Apparently, people don’t commit violent crimes when it is freezing!

Those relationships are then used to estimate a range of scenarios for future temperature increases and rises in mortality and crime (differentiated by property and violent crime), declines in labour input etc.

 

This produces a rather ominous looking map of the increase in violent crime supposedly triggered by the temperature increase.

But the big issue is mortality. As the paper comments: “Rising mortality in hot locations more than offsets reductions in cool regions, so annual national mortality rates rise ∼5.4 (±0.5) deaths per 100,000 per °C (Fig. 3C). For lower Global Mean Surface Temperature (GMST) changes, this is driven by mortality between ages 1 and 44 and by infant mortality and ages ≥45 for larger GMST increases (fig. S13 and table S12).” To put an increase of 5.4 deaths per 100,000 in perspective, in 2016 mortality in the US was 823.7 deaths per 100,000 population. So a 1 degree temperature increase produces a 0.6 % increase in mortality. That may not seem like a lot, so what happens next is significant. To arrive at the overall estimate of economic costs “the value of nonmarket impacts (deaths and crime)” was “monetized” “using willingness-to-pay or accounting estimates”. In other words they are using actuarial estimates of various kinds derived from life insurance contracts etc. In particular they use the government mandated parameter of $ 7.9 m per life.

Once all the various impacts are translated into a common denominator it turns out that the “economic impact” of climate change above 2 degrees Celsius is, in fact, largely demographic.

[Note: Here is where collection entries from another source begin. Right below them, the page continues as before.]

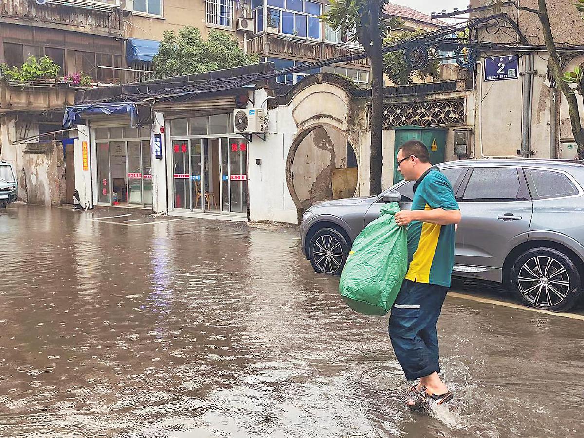 江蘇省蘇州市太倉縣郵政分公司投遞員冒雨蹚水投遞郵件。 □徐玉亭 攝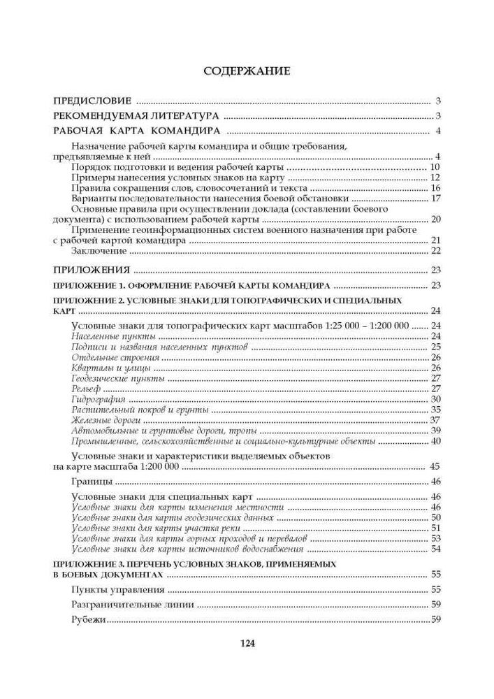 Викладено основні правила оформлення та ведення робочої карти командира з використанням геоінформаційних технологій. Наведено перелік умовних знаків для топографічних та спеціальних карток.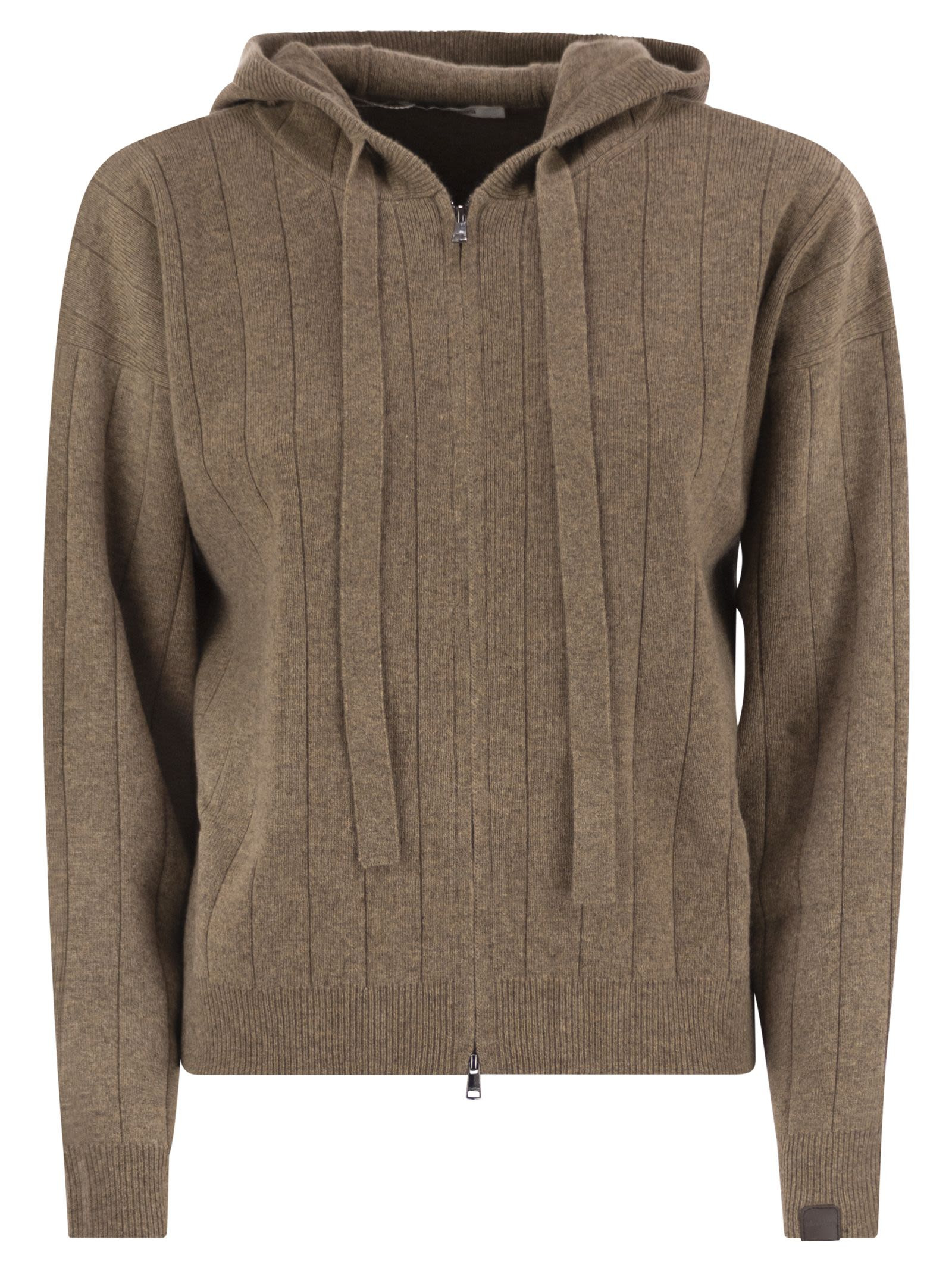 Cardigan in pure cashmere yarn with drawstring hood and slightly cropped waist, entirely worked in wide ribbing. - Straight line and comfortable fit - Long sleeves with low armholes - Front closure with double-slider zip - Leather logo label on the left cuff - Ribbed edges DESIGNER ID: 2521346029600 002 100% Cashmere Size Type: INT SKU: 2521346029600002 Our Products Are 100% Genuine. In All Cases We Stand By The Authenticity Of Every Product Sold On Our Site. All sales are final and we only accept returns for quality issue. Buyer is responsible for any import tax/duty if applicable.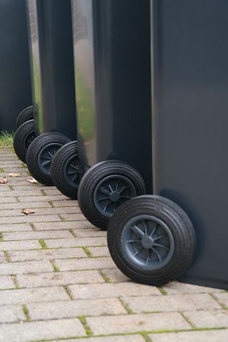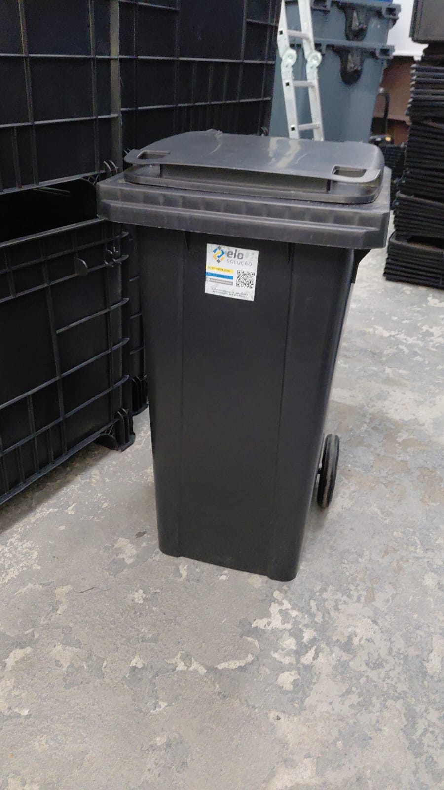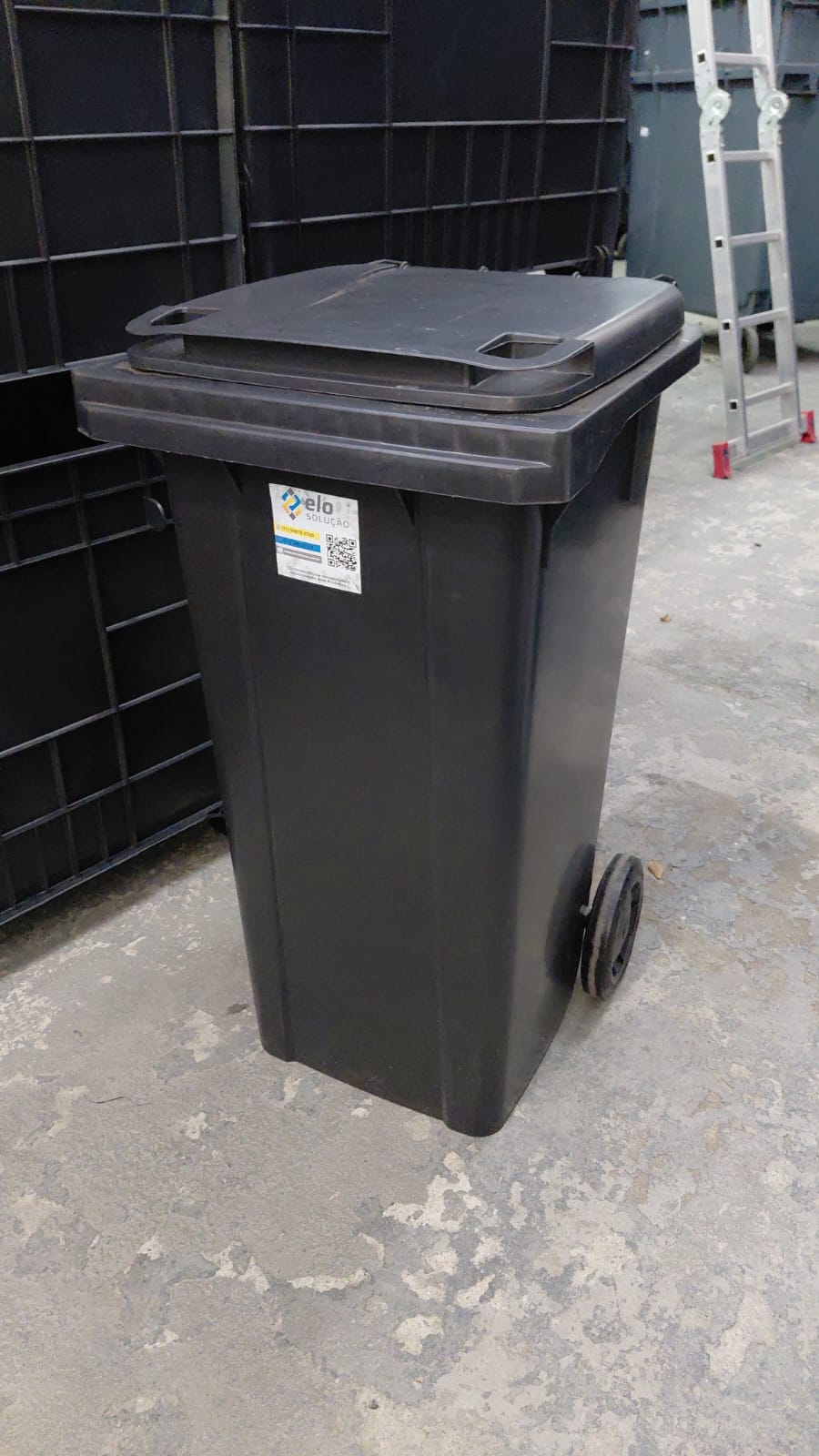 O carrinho coletor de lixo é fabricado em Polietileno de Alta densidade (PEAD) ou Polipropileno (PP).

Labour supply, crop production are all negatively affected by higher temperatures. Criminality, though it is positively correlated with temperature, washes out. The real hit to the poorer, Southern area will come from poor Southern people dying prematurely!

As the researchers comment: “The greatest direct cost for GMST changes larger than 2.5°C is the burden of excess mortality, with sizable but smaller contributions from changes in labor supply, energy demand, and agricultural production … “. They then continue in a truly remarkable qualification: “It is possible to use alternative approaches to valuing mortality in which the loss of lives for older and/or low-income individuals are assigned lower value than those of younger and/or high-income individuals (44), an adjustment that would alter damages differently for different levels of warming based on the age and income profile of affected individuals (e.g., fig. S13). Here, we focus on the approach legally adopted by the U.S. government for environmental cost-benefit analysis, in which the lives of all individuals are valued equally (37). Because the VSL (Value of a Statistical Life) parameter is influential, challenging to measure empirically, and may evolve in the future, its influence on damages is an important area for future investigation.”

Given that the headline of the research is that poorer parts of the US will be worst affected, this is a highly significant remark. Presumably, if one were to abandon the legally mandated requirement that all individuals should be valued equally, if, instead, one adjusted the value of life parameters fed into the model to take account of the fact that those most likely to die will be poor, the headline conclusion might be rather different.

In passing, in this technical aside the modelers acknowledge the brutally discriminatory realities of the century that lies ahead.

And there is more to come. “We have focused on the U.S. economy, although the bulk of the economic damage from climate change will be borne outside of the United States (42), and impacts outside the United States will have indirect effects on the United States through trade, migration, and possibly other channels. In ongoing work, we are expanding SEAGLAS to cover the global economy and to account for additional sectors, such as social conflict (30), in order to construct a global damage function that is essential to estimating the global social cost of carbon and designing rational global climate policies (7, 9).”

The “social conflict sector” will be fascinating.